Illegal immigrants are most likely to work in construction in the South and Southwest, manufacturing in the Great Plains states and leisure and hospitality in the West, says a study by the Pew Research Center, Philip Bump reports for The Washington Post. While only 4 percent of undocumented workers are in agriculture, the highest overall percent of illegal immigrants are in that industry, accounting for 16 percent of all employees.
The study, which consists of data from 2012, found that 33 percent of undocumented workers are in the service industry; 15 percent in construction and extraction; 14 percent in production, installation and repair; and 8 percent in transportation and material moving, Jeffrey Passel and D'Vera Cohn report for Pew.

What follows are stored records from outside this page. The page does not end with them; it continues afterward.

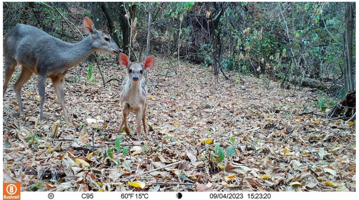
Photo taken by camera trap of a "corzuela parda" (Mazama gouazoubira) and its calf.

Unfortunately, we had an unexpected technical problem with the van in September 2023 and we were not able to carry out a camera survey that was going to cover a major area in CLT with approximately 30 camera sites. This camera survey was rescheduled for the first month of the dry season, in May 2024.
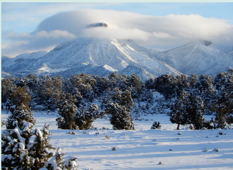
Clouds Surrounding Point Lookout by Bill Di Paolo
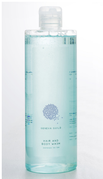
HAIR & BODY WASH 380 ml e 12.8 fl. oz. FLR400MGG

GENEVA GUILD HAIR & BODY WASH GENTLY CLEANS THE SKIN, THE LIGHTLY SCENTED FORMULA IS ENRICHED WITH GREEN ANISE AND ORGANIC MELISSA EXTRACTS WITH PURIFYING PROPERTIES.
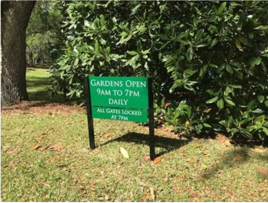
The new sign about the gates being closed has been installed
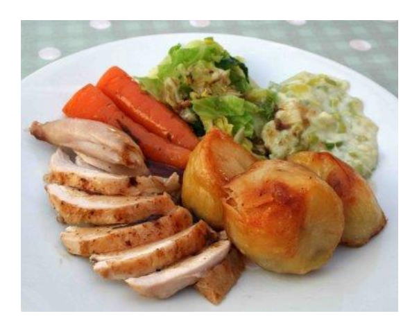
Chicken, ham, rolls and beverages will be furnished by AAUW – Howard County Branch

A short branch business meeting will follow dinner.
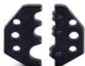
Spare die for CRIMPFOX-RC 10

Replacement die - CRIMPFOX-RC 10/DIE - 1212062
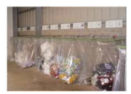
Packaging collection in a container park

This central commercialisation concerns clear, green and coloured PET bottles, PEHD flasks, PE films, PP/PS yards and pots, expanded PS, metal packaging, beverage cartons. These materials represent a total of 1.200 tons a year. Glass and paper/cardboard are not concerned.
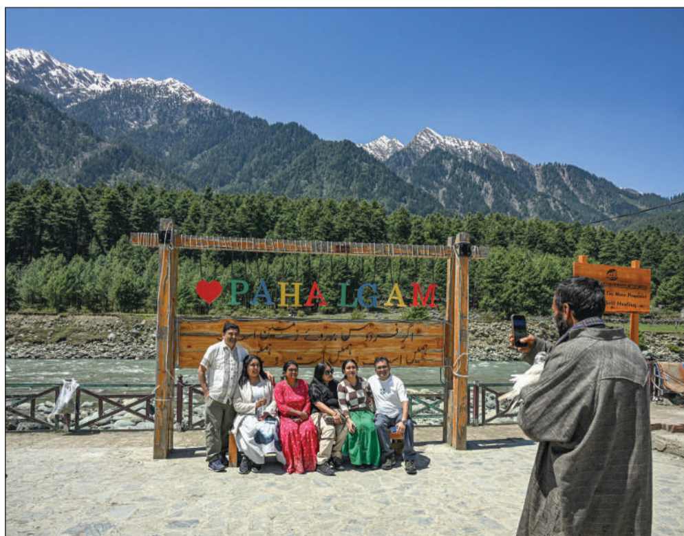
A local man clicks a photograph of tourists at a riverside viewpoint in Pahalgam.

"Preventive detention laws mandate strict adherence to procedural safeguards, including timely communication of grounds, approval by the Government, and reference to the Advisory Board. Any infraction, however minor, vitiates the detention," said a bench of Justice Wasim Sadiq Nargal while setting aside the detention order dated 19 April 2024 issued by the | More on P6
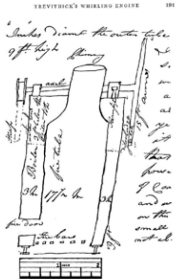
Fig. 86. Trevithick's whirling engine, 1815. From the Engine Papers.
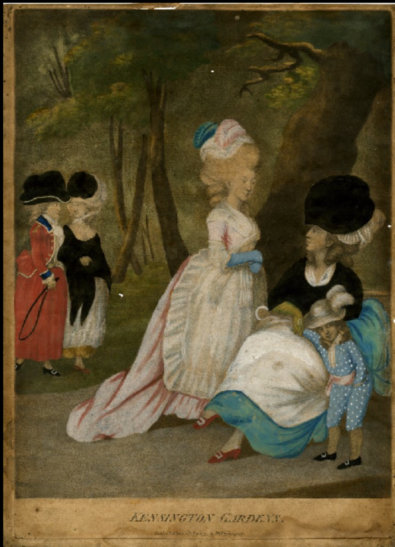
"KENSINGTON GARDENS." by William Humphrey 1779 (The British Museum)
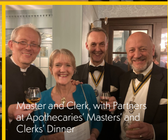
Master and Clerk, with Partners at Apothecaries' Masters' and Clerks' Dinner
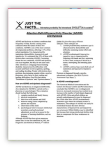
International Dyslexia Organisation: Fact Sheets
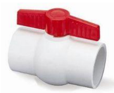
"Old" Compact Ball Valve
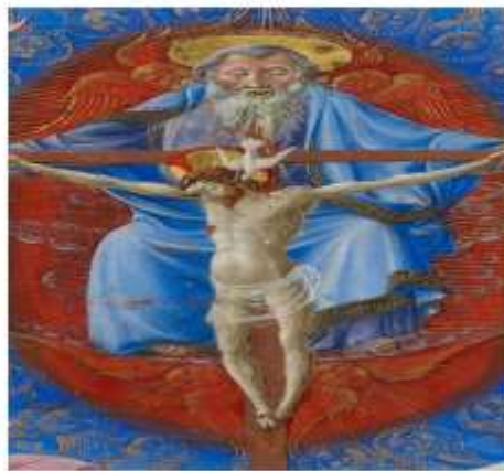
Holy Trinity June 12
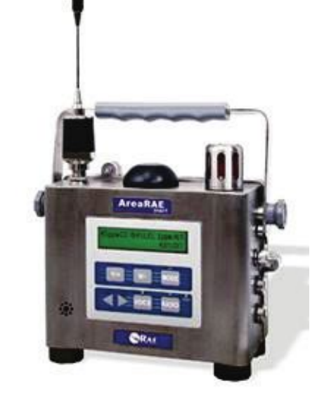
AreaRAE Steel, Inert and Gamma

AreaRAE introduced wireless gas detection and changed the market in fire and hazmat response operations
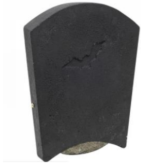
Beaumaris Woodstone Bat Box
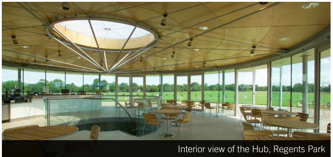
Interior view of the Hub, Regents Park

Unauthorized workers consisted of 5.1 percent of all workers in 2012, Passel and Cohn write. The number in blue collar jobs dropped from 2007 to 2012, while numbers rose in white collar jobs. Undocumented workers in construction dropped by 475,000 from 2007 to 2012. During that same time the number with management and professional jobs grew from 10 percent to 13 percent. (Read more) (Pew map)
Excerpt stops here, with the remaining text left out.